1. A quick discussion of Myths regarding control charts (process behavior charts as Wheeler calls them):  See Myth 1

https://www.qualitydigest.com/print/18348

2. An excellent paper with discussion:

Woodall, William H. (2000), "Controversies and Contradictions in Statistical Process Control", Journal of Quality Technology, Vol. 32, No.4 October 2000

 

With respect to your data, you do not actually have a continuous variable being plotted?  It looks like you are plotting something like a percent defective or percent defects.  These data types are typically plotted on p/np-charts or u/c-charts.  

Screen Shot 2023-01-31 at 8.36.14 AM.jpg

 

I would ask what do the values actually mean?  How is the value calculated?  Percent of what?  How is 100% determined?
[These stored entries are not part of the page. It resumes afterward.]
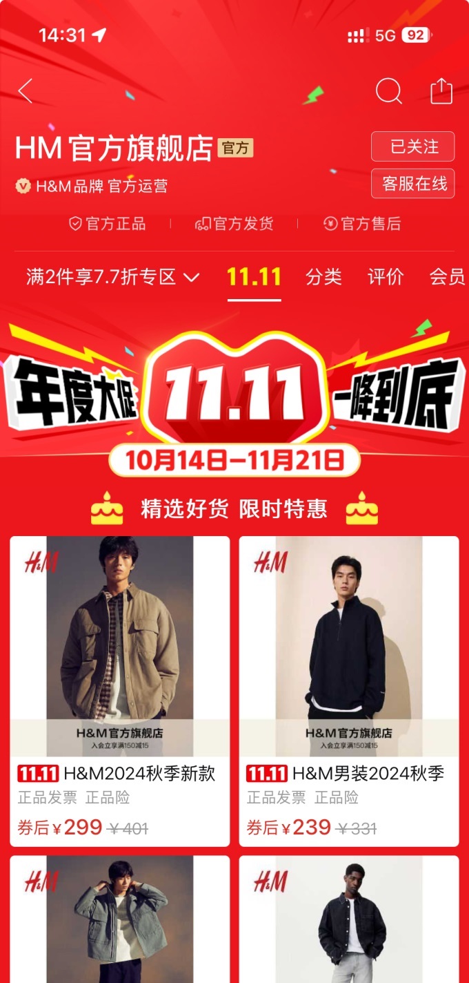 H&M拼多多官方旗艦店上線,首個(gè)雙11發(fā)放超額補(bǔ)貼
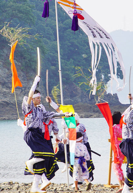 因島の伝統芸能として代表されるものとして、広島県無形民俗文化財に指定されている、「椋浦の法楽おどり」があります。手には太刀と扇子を携え、薄化粧した男性達が、「なむあみでーば(南無阿弥陀仏)」と唱えながら、「とんだ、とんだ」の掛け声に合わせて飛び踊ります。村上海賊の出陣式がこの祭りのルーツであると伝えられ、五穀豊穣・無病息災などを祈る行事として、現在もなお椋浦町の方々によって継承されています。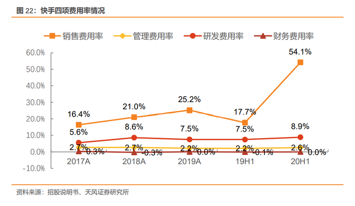 1) 销售费用方面,公司市场推广投入加大。销售费用由19H1的30亿元增加至20H1达137亿元,销售费用率达54%。主要是由于推广快手极速版与其他应用程序的营销开支以及品牌营销活动开支增加。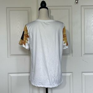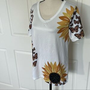 Newchic Sunflowers and Butterflies Cute V-Neck Short Sleeve Top Tee. White to off white top with gold, yellow, black and brown butterflies and sunflower detail. No fabric tag. From feel maybe a polyester blend that does provide some stretch. Approximate measurements are 25 length, 19 armpit to armpit and 8 sleeve length. NWOT. Size Large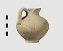 | Description: | Jug with Cutaway Neck. Intact. Surface damaged; rim inside, outside and handle painted once. Decoration faded, probaby the vase was covered over all with paint(?). | |

Is there another measure that could be used to assess viability?

There are times when this type of data can be evaluated with a simple X,MR chart:

 

Screen Shot 2023-01-31 at 8.38.03 AM.jpg

"All models are wrong, some are useful" G.E.P. Box
JohannD
Level II

Re: Non Normal Control Chart for SHASH distributed data

First of all, I would like to thank you for all the helpful comments!

@Mark_Bailey : The widening of the lambda scaling via right-click was not familiar to me until now, thank you for this tip!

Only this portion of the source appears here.